Наклонился. Приблизился вплотную, запечатав ее между собой и кушеткой с холодным прорезиненным покрытием. Ясмин невольно отклонилась, и кушетка мгновенно дернулась назад с ней вместе, пока одно из колесиков не застряло в щербинке пола. Абаль шагнул вперёд и оперся ладонями по обе стороны от ее бёдер.
Первым было желание ответить «тебе не нужно мое разрешение». Прямо как в провинциальном романе про любовь.
— Перестань, — сказала она жестко. — Никто не знает о второй метке, и ты можешь уйти в любой момент, как заблагорассудится.
Абаль засмеялся, и Ясмин вдруг увидела, насколько он зол.
— Так мастер Гербе не рассказала тебе? Она взяла метку в уплату за помощь, расчётливая, как все Бересклеты. Отец был прав, я должен был просто убить тебя сразу после входа в Чернотайю.
Она смотрела на него и не могла возненавидеть. Беспощадный рот, высокомерный голос, глаза, в которых только темнота и ни одного из тех чувств, о которых он рассказывает.
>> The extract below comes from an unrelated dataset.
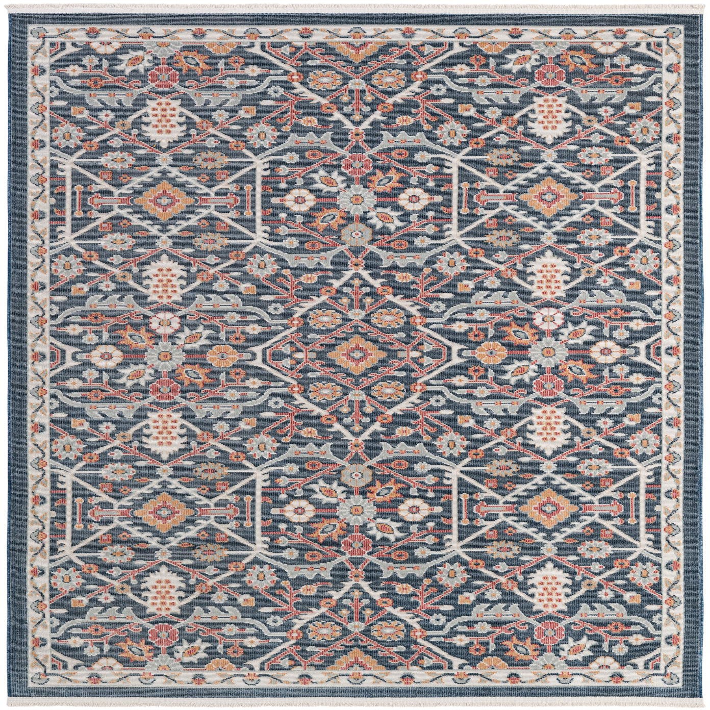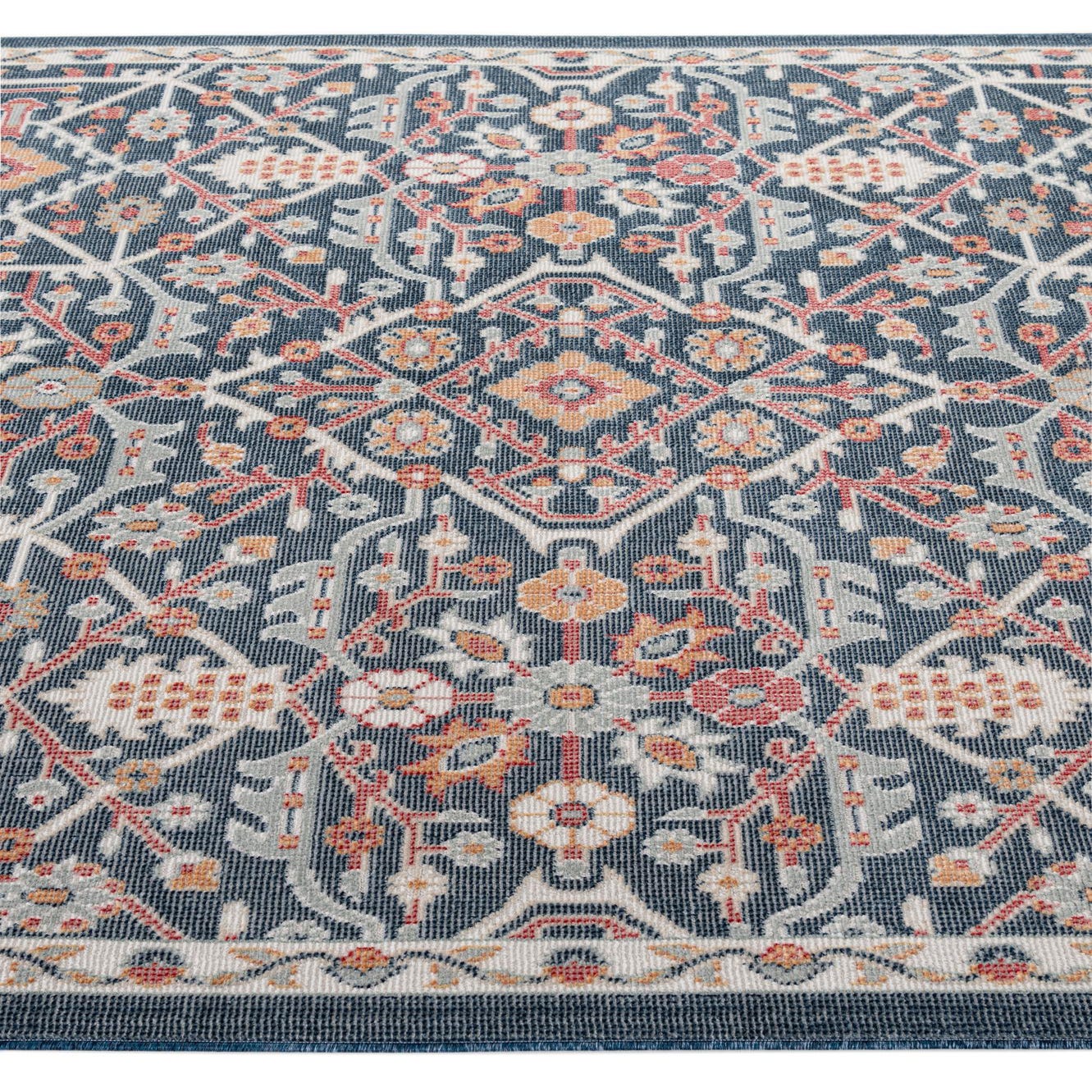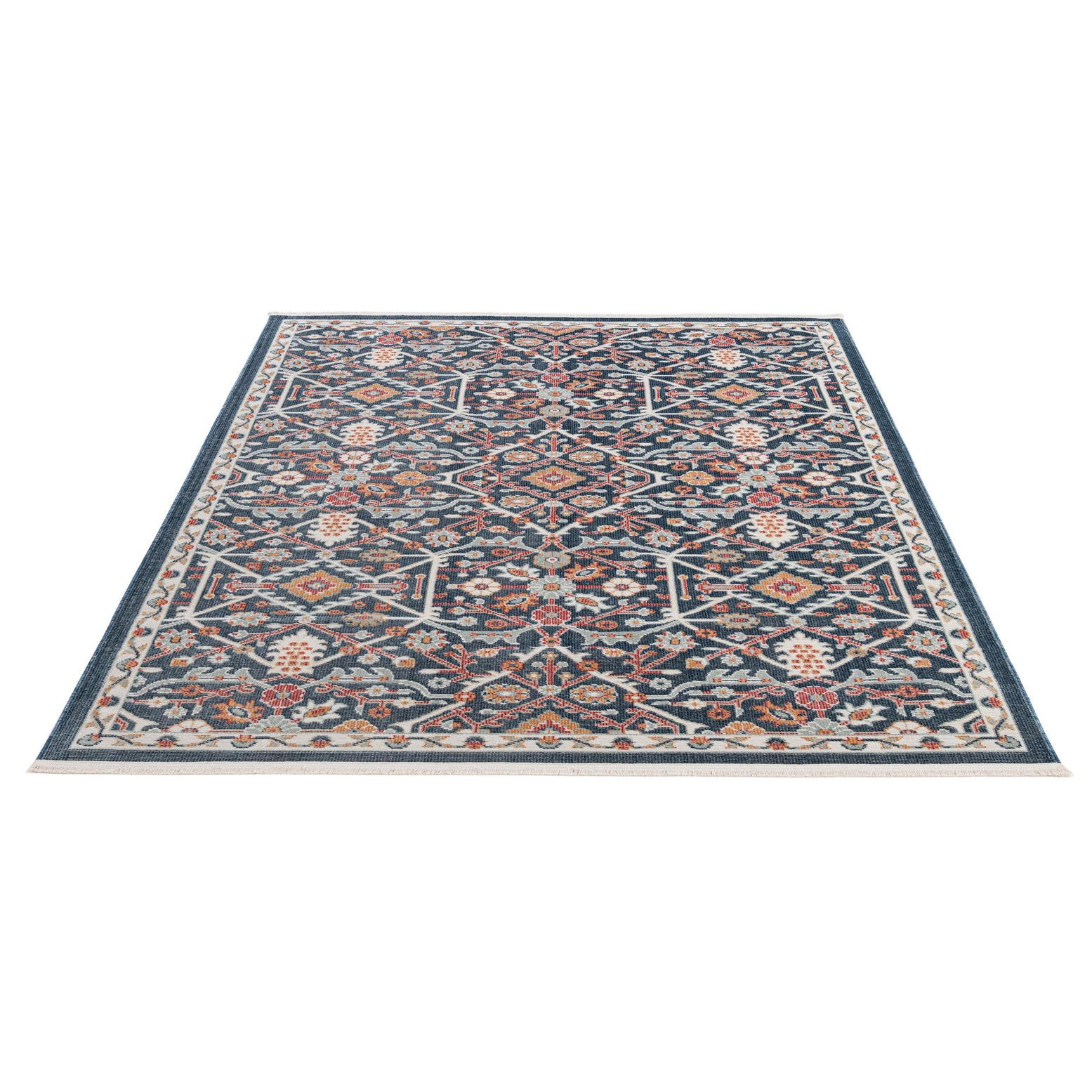Primary color is Navy Blue. Colors in this rug include: Navy Blue, Beige, Black, Blue, Brown, Ivory, Red, Light Blue.

У неё просто нет сил, чтобы оправдываться и пропускать через себя все эти страшные и незнакомые ей эмоции. Она видела разных людей, с самыми разными проблемами и фобиями, но такие, как Абаль, ей не встречались. Будь она в своем мире, она бы заинтересовалась. Она бы разворачивала его тайну слой за слоем, как рождественский шоколад.